Tell MAMA, which measures anti-Muslim prejudice, received reports of four incidents in Redbridge at the end of May and beginning of June.

Days after the murder of Drummer Lee Rigby, members of a Redbridge mosque received repeated death threats from an anonymous caller.

A Tell MAMA spokesman said a young man who used the mosque phone as a contact number for his business picked up the phone to a man whispering the threats.

Within an hour the caller rang up to 10 times repeating the death threats to anyone who picked up.

Also in May, a Redbridge Twitter user reported online abuse in a YouTube video calling on “British people to rise up” against “evil Muslims” and “barbaric monsters”.

In June, a trainee teacher in Gants Hill was told to shave his beard off because he looked like a “Muslim terrorist” and a company director was repeatedly asked on the phone whether he was black or a terrorist.

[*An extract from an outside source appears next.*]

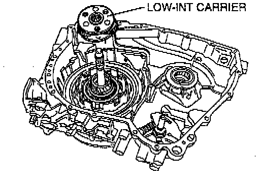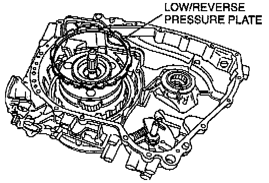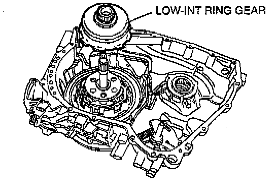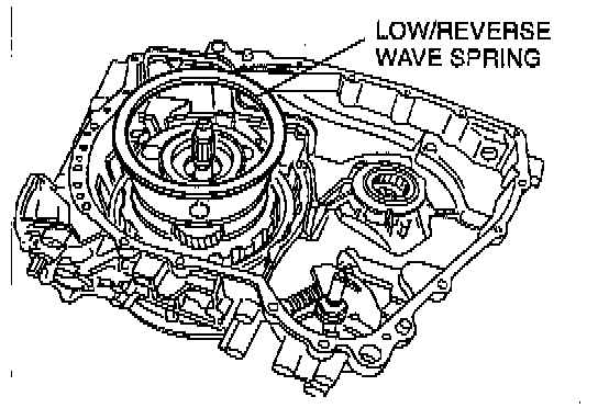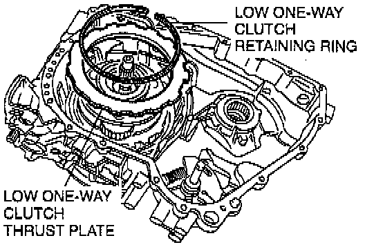 61. Install the low one-way clutch retaining ring. Position the retaining ring ends in an area near the case lugs.

There were no reported anti-Muslim incidents in Redbridge in the two months before the Woolwich attack, which sparked a wave of anti-Islamic sentiment across the UK.

Mosques were attacked in Braintree, Gillingham, Grimsby and Muswell Hill and an Islamic school in south east London was set on fire.

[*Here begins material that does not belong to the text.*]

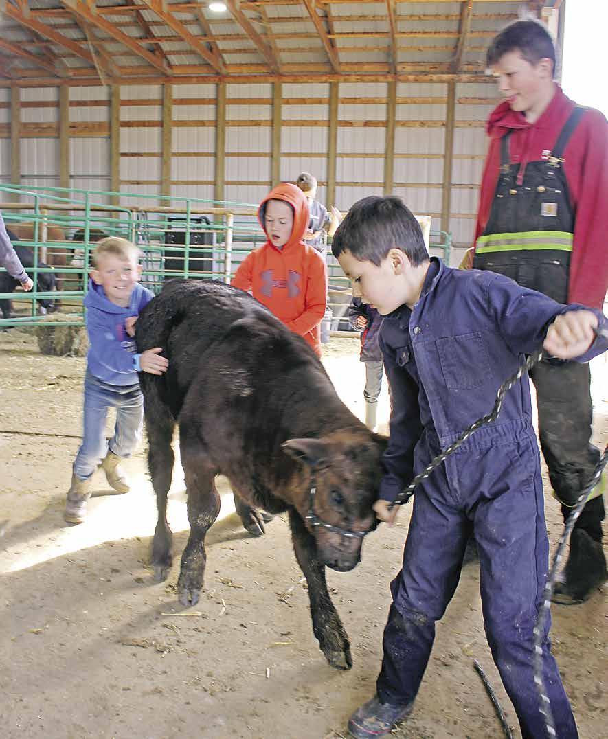 Camrose and District 4-H Beef Club member Brody Pouliot tugs on the lead line as he brings his Angus Gelbvieh calf to the wash station. Meanwhile, Blayne Burkhardt (left) and Jesse Feitsma (orange hoodie) help to bring up the rear, with Jerry Pouliot keeping a close eye on the action.

Redbridge Police visited “vulnerable premises” in the following days to reassure the community and increased patrols.

Bashir Chaudhry, chairman of the Redbridge Islamic Centre and League of British Muslims had not heard of any anti-Muslim attacks in Redbridge and praised the borough’s community spirit.

He said: “If you look back in history there’s always a backlash but eventually it dies down.

“These attacks are horrible and I hope they were reported to the police but I think they are one-off events.

“Society as a whole is not like that and at the end of the day the community has to stand together.”

Drummer Rigby, 25, of the Royal Regiment of Fusiliers, was killed near his army barracks in Woolwich, on May 22.

His funeral will be tomorrow (Friday) at Bury Parish Church in Lancashire.

Michael Adebolajo, 28, of Romford, and Michael Adebowale, 22, of Greenwich, are due to go on trial in November accused of Drummer Rigby’s murder.